Okoliczności powstania projektu sabotażu i dywersji
Brytyjczycy w okrążeniu. Brytyjczycy w przededniu II wojny światowej i w okresie tzw. dziwnej wojny (październik 1939 r. – kwiecień 1940 r.) nie przywiązywali większej wagi do działań partyzanckich czy sabotażu. Wprawdzie Wielka Brytania i Francja po napaści III Rzeszy na Polskę wypowiedziały 3 września 1939 r. wojnę państwu Hitlera, ale wybrały strategię bierności. W Londynie i Paryżu przygotowywano się do starcia z Niemcami na froncie zachodnim wiosną 1940 r., licząc jednak, że do tego czasu Adolf Hitler zostanie obalony przez konserwatywną opozycję, mającą poparcie wśród generalicji. Szykowano się też raczej do wojny pozycyjnej, jaką znano z lat 1915–18.

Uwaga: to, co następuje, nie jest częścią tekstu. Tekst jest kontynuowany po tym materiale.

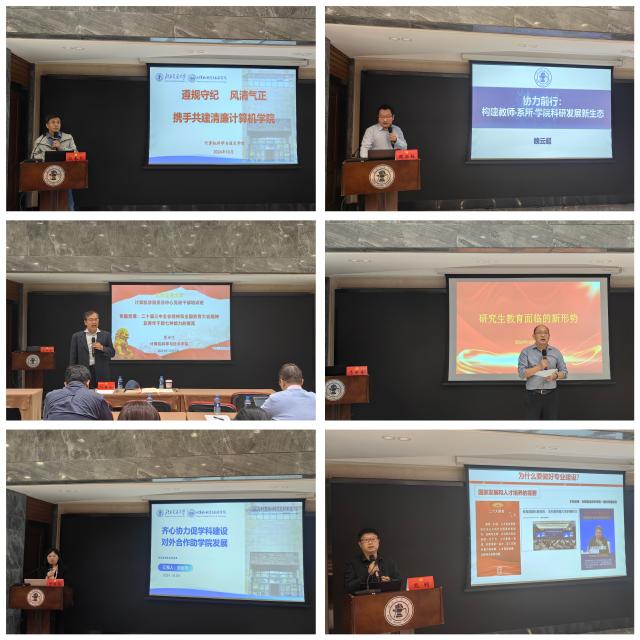 随后,学院党委副书记段春荣做了题为“遵规守纪、风清气正,携手共建清廉性爱直播 ”的培训报告,通过理论联系实际的方式,结合具体案例分析,讲解了如何营造良好的政治生态,构建廉洁高效的校园文化环境;副院长魏云超围绕“协力前行:构建教师-系所-学院科研发展新生态”主题进行了深入浅出地讲解,不仅分享了关于推动科研工作的经验,还就如何促进教师个人成长与发展给出了宝贵建议,帮助大家明确目标、找准定位;党委书记贾卓生进行了“二十届三中全会精神和全国教育大会精神”专题党课,结合学院工作和自身学习感悟,详细解读了相关会议精神的核心要义,并特别针对青年干部提出要加强七种能力——政治能力、调查研究能力、科学决策能力、改革攻坚能力、应急处突能力、群众工作能力和抓落实能力的培养,勉励大家成为德才兼备的新时代好干部。
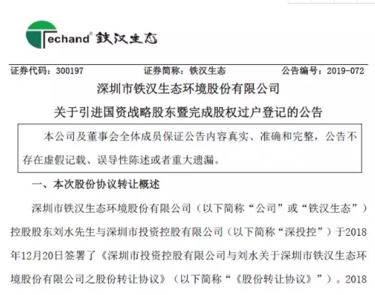近日,鐵漢生態(tài)發(fā)布公告稱,公司關于引進國資戰(zhàn)略股東事項已完成股權過戶登記。權益變動后,劉水先生持有上市公司股權的比例由35.73%下降至30.73%,公司的控股股東、實際控制人未發(fā)生變化。近日,鐵漢生態(tài)發(fā)布公告稱,公司關于引進國資戰(zhàn)略股東事項已完成股權過戶登記。于2019年4月30日收到中國證券登記...

Późną wiosną 1940 r. zaskoczona blitzkriegiem Wehrmachtu Wielka Brytania znalazła się o krok od groźby inwazji porównywalnej z wyprawą hiszpańskiej Wielkiej Armady czy przygotowaniami Napoleona Bonapartego. Stało się tak na skutek klęski wojsk alianckich poniesionej w wyniku niemieckiej ofensywy rozpoczętej 10 maja 1940 r. Już po 17 dniach kampanii Brytyjczycy rozpoczęli w Dunkierce ewakuację swoich sił ekspedycyjnych z Francji. Tego samego dnia gabinet wojenny zaakceptował propozycję szefów sztabu, aby powołać specjalną organizację do prowadzenia dywersji w państwach okupowanych przez III Rzeszę. Nie był to jednak najważniejszy temat dyskutowany w dniach 27–28 maja przez brytyjskich ministrów. Zastanawiano się przede wszystkim, czy zwrócić się do włoskiego dyktatora Benito Mussoliniego w sprawie niemieckich warunków pokojowych. Przeważyło zdecydowane stanowisko nowego premiera Winstona Churchilla: należy kontynuować wojnę.
Położenie militarne Wielkiej Brytanii po zawarciu przez Francję 22 czerwca 1940 r. rozejmu z Niemcami i Włochami było wyjątkowo złe.